Subrogation and the Cargo-Manufacturer Question
If a defective EV starts a fire, can the hull insurer subrogate against the manufacturer? The answer is moving — and the case law is being made now.
After a casualty, hull underwriters pay first and ask questions second. The question they ask is whether anyone else can be made to pay them back. In the EV era the most interesting answer is "the cargo manufacturer" — and the legal infrastructure for that subrogation route is still being built.
What the route looks like in theory
- Hull insurer pays the owner.
- Owner assigns subrogation rights to the insurer (standard policy provision).
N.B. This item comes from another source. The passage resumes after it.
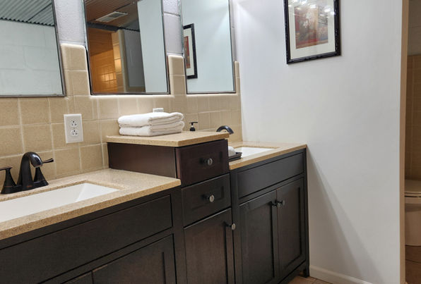 The Garden Level includes private access as well as 2 bathrooms, kitchen with a bar, living room and dining room. Decorated with eclectic pieces from all around the world, it is perfect for teams, extended stays, and large families.

- Insurer pursues the cargo manufacturer for product liability — a defective EV battery as the proximate cause.
- Recovery, if any, returns to the insurer's claims reserve.
Why it is hard in practice
Proving a specific defective vehicle was the ignition source in a fully burned PCTC is forensically difficult. Establishing manufacturer liability under product-liability frameworks designed for road-traffic context is novel. And bills of lading and carriage contracts can limit cargo-side claims in ways that complicate insurer recovery. MOL's litigation against Volkswagen over Felicity Ace is testing several of these dimensions simultaneously.
Sources
- Marine Insurance Act 1906 (UK) — foundational subrogation provisions.
- CMI (Comité Maritime International) — practitioner notes on marine insurance subrogation.
- Lloyd's List — MOL–Volkswagen litigation coverage.
- TradeWinds — cargo-liability and subrogation coverage post-2022.